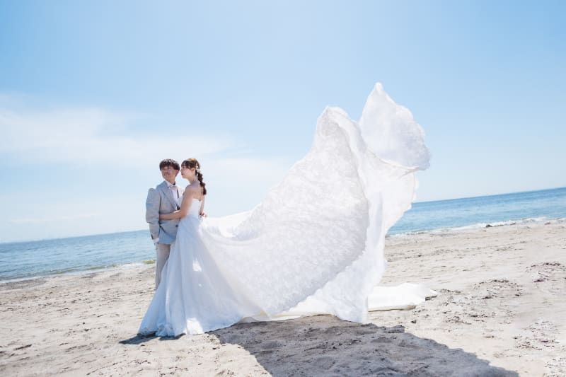 トレーンの長いドレスを活かした写真です!!
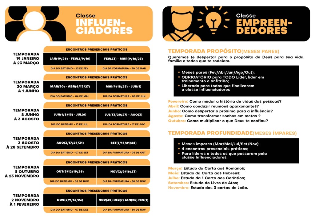 - Estrutura: 13 devocionais online e 4 encontros práticos.
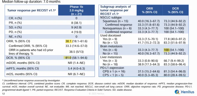 HLX43是目前全球首个且唯一进入II期临床的PD-L1 ADC。在2025年ASCO大会上,其I期数据首秀即引发高度关注。该研究展现了其“高效低毒”的BIC潜质,在非小细胞肺癌(NSCLC)中疗效亮眼:研究者评估的ORR为38.1%,DCR达81.0%,脑转移NSCLC 患者DCR更达到100%(图5),整体安全性良好。
· · ·
◆ Your assignment
Once the pictures are removed, copy the material above exactly.

◆ Your response
 トレーンの長いドレスを活かした写真です!!
 - Estrutura: 13 devocionais online e 4 encontros práticos.
 HLX43是目前全球首个且唯一进入II期临床的PD-L1 ADC。在2025年ASCO大会上,其I期数据首秀即引发高度关注。该研究展现了其“高效低毒”的BIC潜质,在非小细胞肺癌(NSCLC)中疗效亮眼:研究者评估的ORR为38.1%,DCR达81.0%,脑转移NSCLC 患者DCR更达到100%(图5),整体安全性良好。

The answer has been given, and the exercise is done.